Kıbrıs Türk Eğitim Sistemi; bir yandan güçlü öğretmen sendikalarına sahip olmanın ortaya çıkardığı önemli kazanımlar yaşarken, diğer yandan ise öğretmenlik mesleğinin gelişimi ve etik değerleri için uğraş verecek bir “öğretmenlik meslek örgütüne” sahip olamamasının olumsuzluklarını her geçen gün biraz daha fazla yaşıyor. Çünkü öğretmenlik mesleğinin statüsünün yükselmesi, günün koşullarını göre yaşaması gereken dönüşümleri ve gelecekteki olası farklılaşma için uğraş vermesi gereken bir yapıya ihtiyaç duyulduğu aşikardır…
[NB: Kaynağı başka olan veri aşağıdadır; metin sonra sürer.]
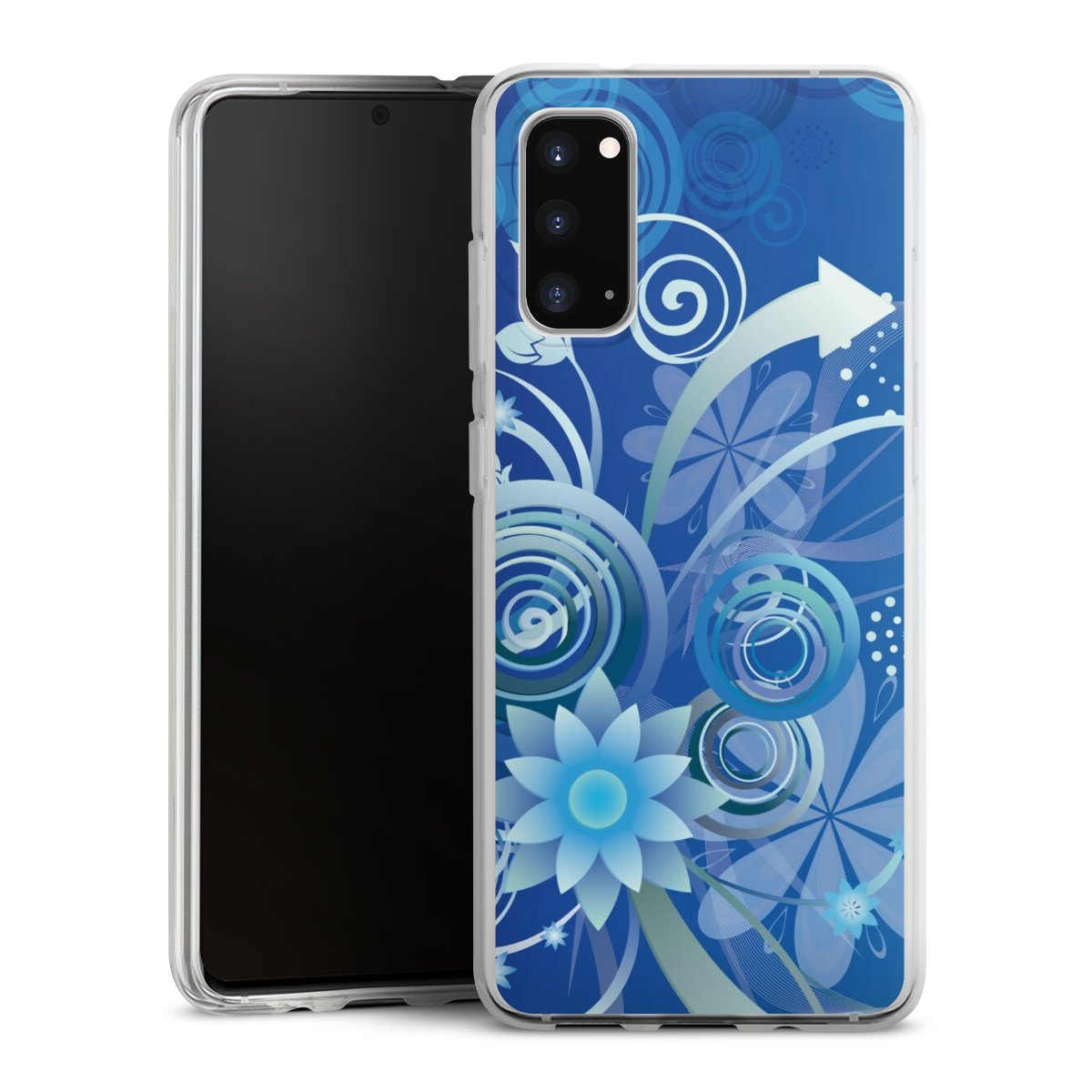 Flowers and Swirls Blue

Bütün bunlar bize şunu gösteriyor: Geleneksel anlamdaki öğretmen ihtiyacı belirleme çalışmaları eğitim ihtiyaçlarını çözemeyecektir. İhtiyaçlar değişiyor, eğitimi bu değişime göre dönüştürmemiz, öğretmenlerimizi de bu dönüşümün ihtiyaçlarına yanıt verecek farklıklara göre yetiştirmemiz ve istihdam etmemiş gerekmektedir. Yapılması gereken ilk şey; değişen öğretmen ihtiyacını görebilmek ve bunu kabul etmektedir…
Buraya Dikkat
Hayat Bir Sınav Mıdır? Hayır Değildir
Kuşkusuz, yaşantımız boyunca önemli ya da önemsiz birçok sınavla karşılaştık. Ancak bilim insanlarına göre, önemli olanın sınavlardaki başarınızdan çok o sınavlardaki sorulara verdiğimiz yanıtların ne olduğudur. Bilim insanları, J.J. Rousseau’nun "soru sormak zannedildiği kadar kolay bir hüner değildir” tespitine vurgu yaparak çoğu zaman bir sınavda başarısız olan kişilerin o soruları hazırlayanlardan daha zeki olabileceğini belirtmektedirler…
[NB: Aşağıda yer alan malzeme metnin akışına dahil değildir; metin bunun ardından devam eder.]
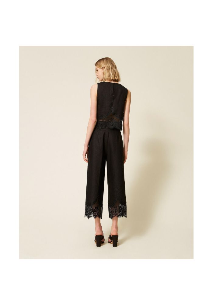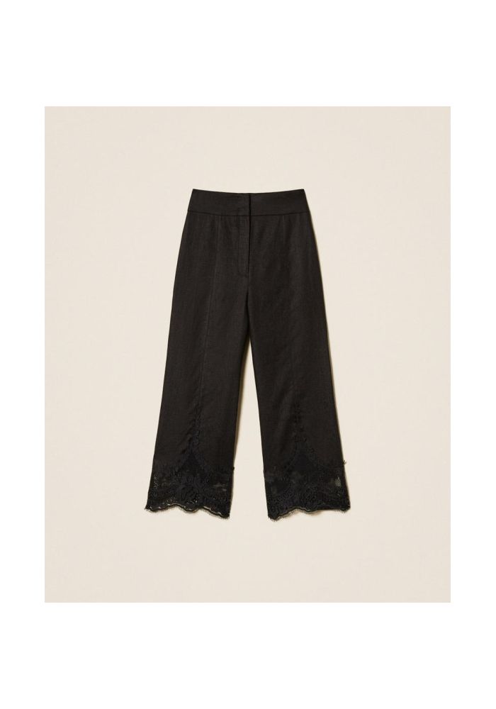 Twinset παντελόνι λινό κοντό με δαντέλα 261TT218400006
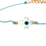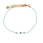 18K fine gold plated chain bracelet with turquoise cord, talismans and mother-of-pearl

Öte yandan sahip olduğumuz zeka alanlarının gelişme dönemi olan çocukluk ve ilk gençlik yıllarında gereğinden fazla ve sadece ansiklopedik bilgi olarak ders çalışmanın insanın zihinsel gelişimini ve yaratıcılığını ortadan kalkmaktadır. Prof. Dr. Ali Nesin’e göre okul, etüd, test, ders, dershane derken öğrencilerin haftanın bir günü bile tatil yapmadan çalıştığını, “yöneticiler, çocuklarımız kadar çalışmamızı isteseler ülkede isyan çıkarmaya varan karşı duruşların olabileceğini” belirtiyor. Oysa çocuklarımızın sesi bile çıkmıyor… Değil mi?